Task objective:
Go to the line with "Lab safir ve" in the entries below and write out every line from there through the line with "Friends, hi! I’ve", exactly and without pictures.

Material provided:
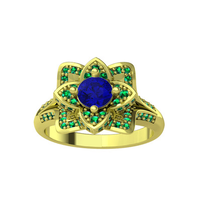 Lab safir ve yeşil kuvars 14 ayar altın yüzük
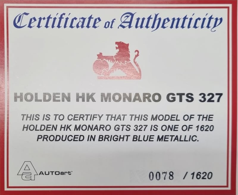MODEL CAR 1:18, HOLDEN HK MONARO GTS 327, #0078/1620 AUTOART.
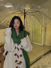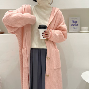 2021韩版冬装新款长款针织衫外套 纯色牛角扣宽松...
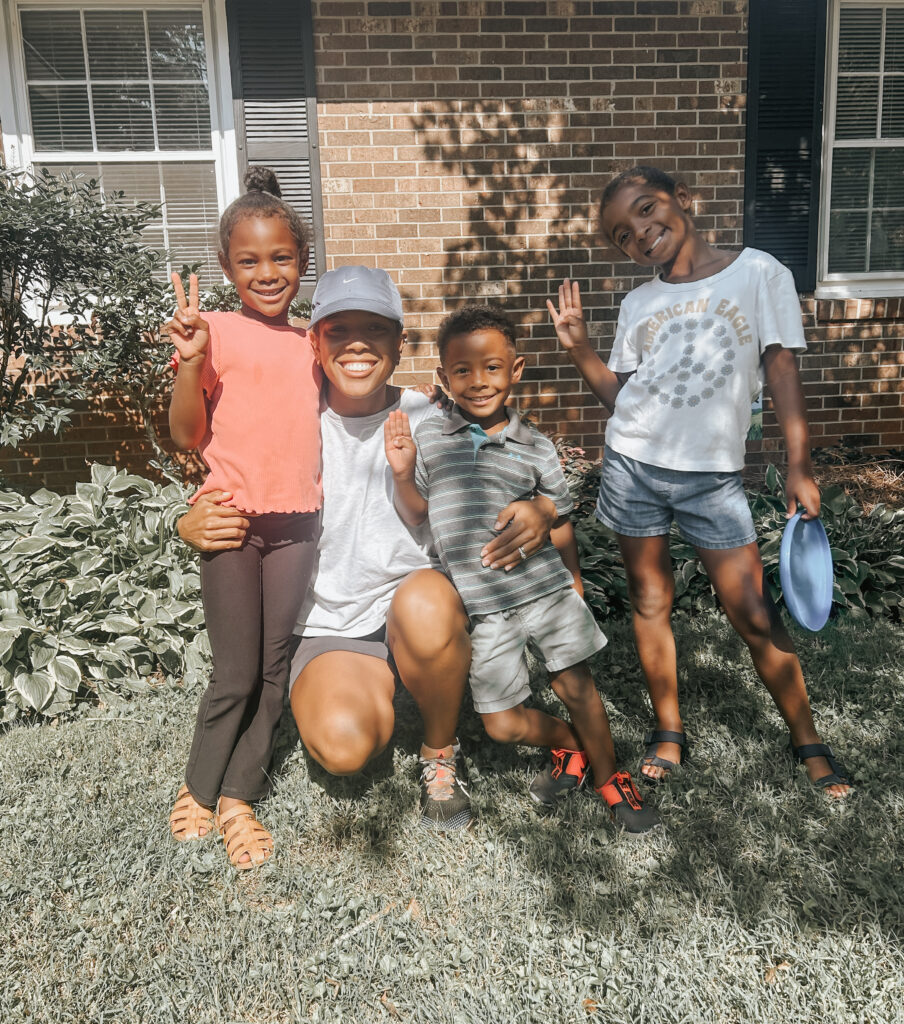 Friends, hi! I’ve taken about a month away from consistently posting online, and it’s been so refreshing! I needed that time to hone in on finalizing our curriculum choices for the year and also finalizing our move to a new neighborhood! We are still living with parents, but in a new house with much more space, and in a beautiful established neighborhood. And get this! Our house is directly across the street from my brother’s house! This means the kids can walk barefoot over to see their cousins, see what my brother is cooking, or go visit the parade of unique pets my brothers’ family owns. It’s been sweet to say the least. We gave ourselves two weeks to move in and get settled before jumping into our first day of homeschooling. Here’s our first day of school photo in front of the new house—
...
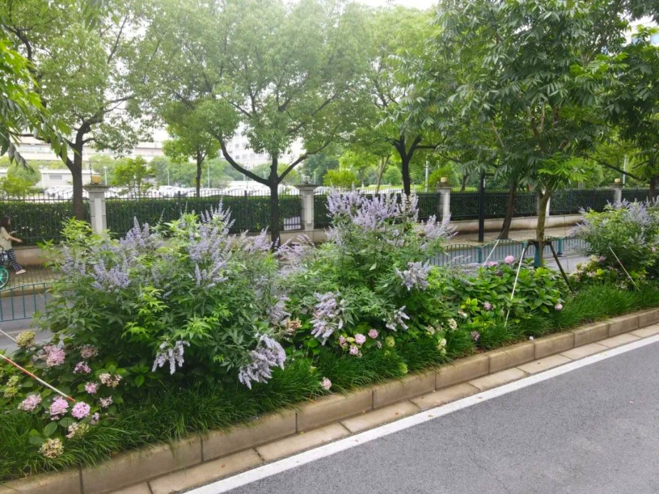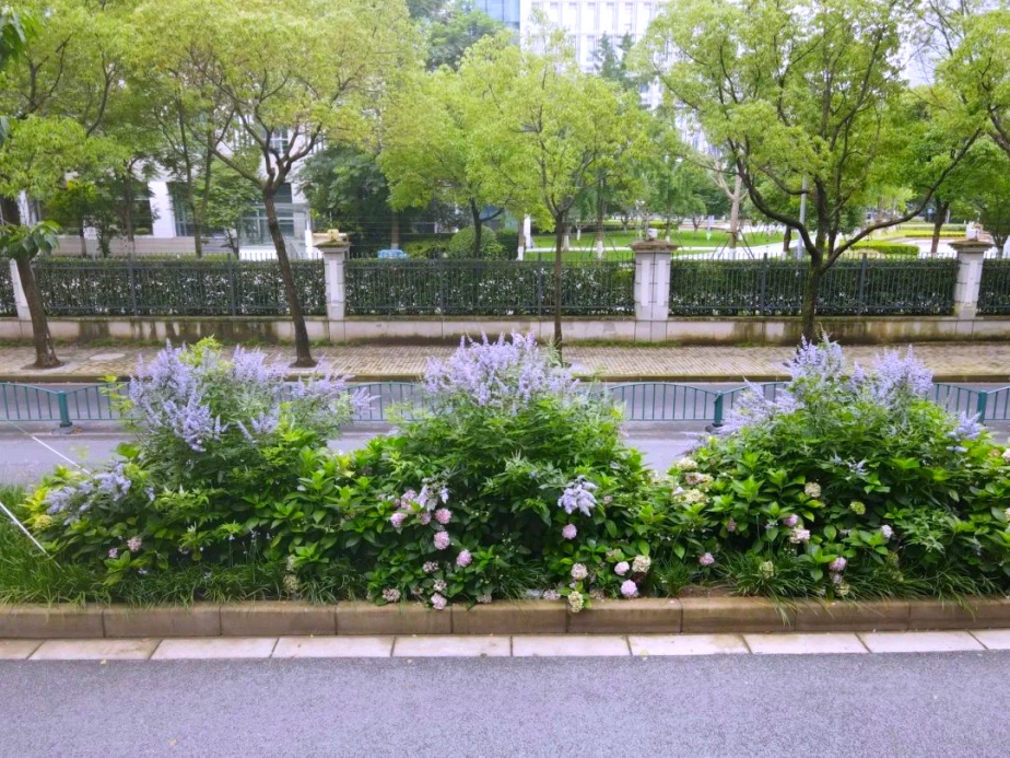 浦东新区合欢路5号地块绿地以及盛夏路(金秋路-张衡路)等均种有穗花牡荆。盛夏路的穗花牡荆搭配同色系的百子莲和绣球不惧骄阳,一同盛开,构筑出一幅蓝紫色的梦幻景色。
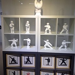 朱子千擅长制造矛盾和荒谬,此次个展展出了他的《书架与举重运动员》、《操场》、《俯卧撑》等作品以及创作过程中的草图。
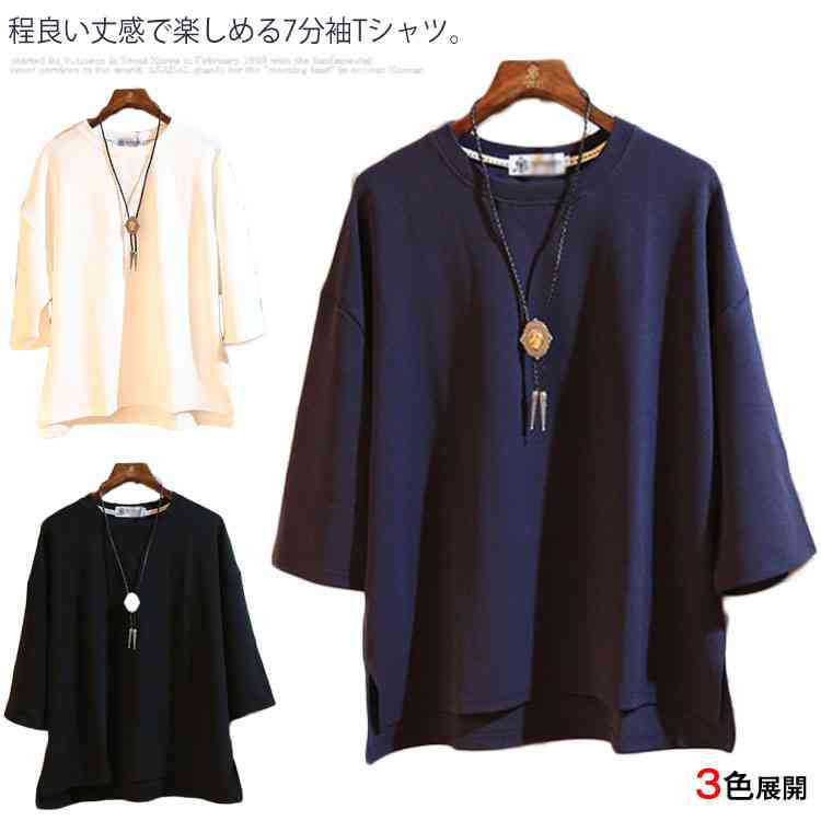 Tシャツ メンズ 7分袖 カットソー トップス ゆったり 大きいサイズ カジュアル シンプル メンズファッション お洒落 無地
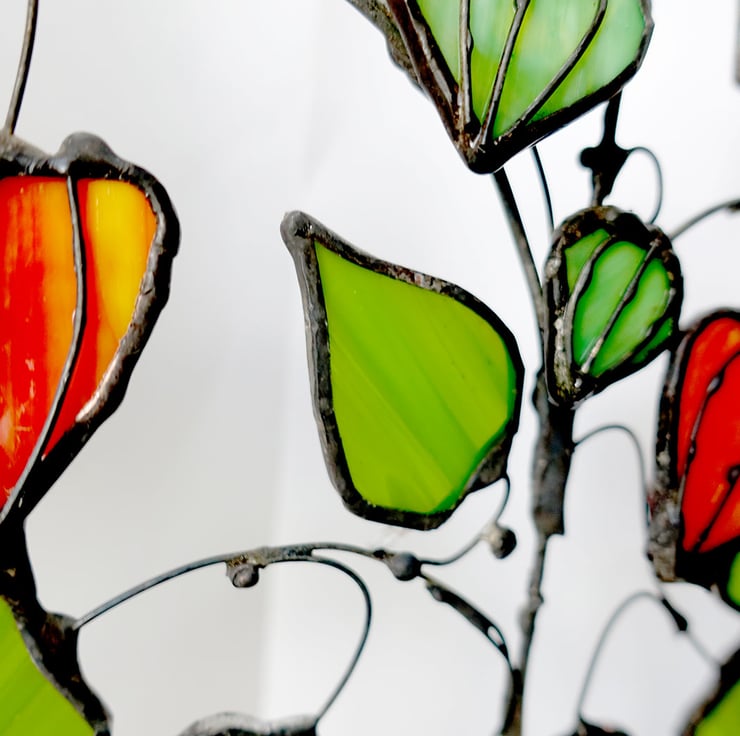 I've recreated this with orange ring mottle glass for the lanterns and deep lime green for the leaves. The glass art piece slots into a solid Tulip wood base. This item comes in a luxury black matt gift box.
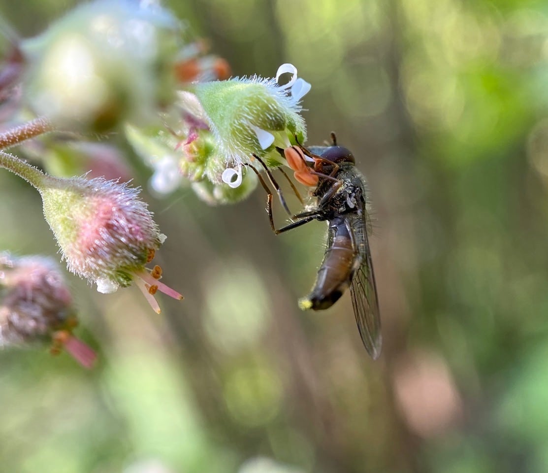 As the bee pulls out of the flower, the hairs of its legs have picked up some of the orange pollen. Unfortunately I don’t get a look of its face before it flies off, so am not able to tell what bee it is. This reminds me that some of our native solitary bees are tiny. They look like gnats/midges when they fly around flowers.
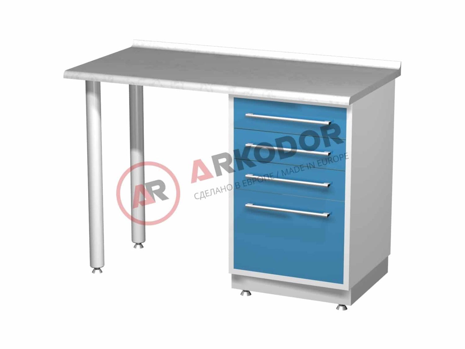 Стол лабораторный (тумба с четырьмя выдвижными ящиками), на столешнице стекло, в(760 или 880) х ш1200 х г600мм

Output:
 Lab safir ve yeşil kuvars 14 ayar altın yüzük
MODEL CAR 1:18, HOLDEN HK MONARO GTS 327, #0078/1620 AUTOART.
 2021韩版冬装新款长款针织衫外套 纯色牛角扣宽松...
 Friends, hi! I’ve taken about a month away from consistently posting online, and it’s been so refreshing! I needed that time to hone in on finalizing our curriculum choices for the year and also finalizing our move to a new neighborhood! We are still living with parents, but in a new house with much more space, and in a beautiful established neighborhood. And get this! Our house is directly across the street from my brother’s house! This means the kids can walk barefoot over to see their cousins, see what my brother is cooking, or go visit the parade of unique pets my brothers’ family owns. It’s been sweet to say the least. We gave ourselves two weeks to move in and get settled before jumping into our first day of homeschooling. Here’s our first day of school photo in front of the new house—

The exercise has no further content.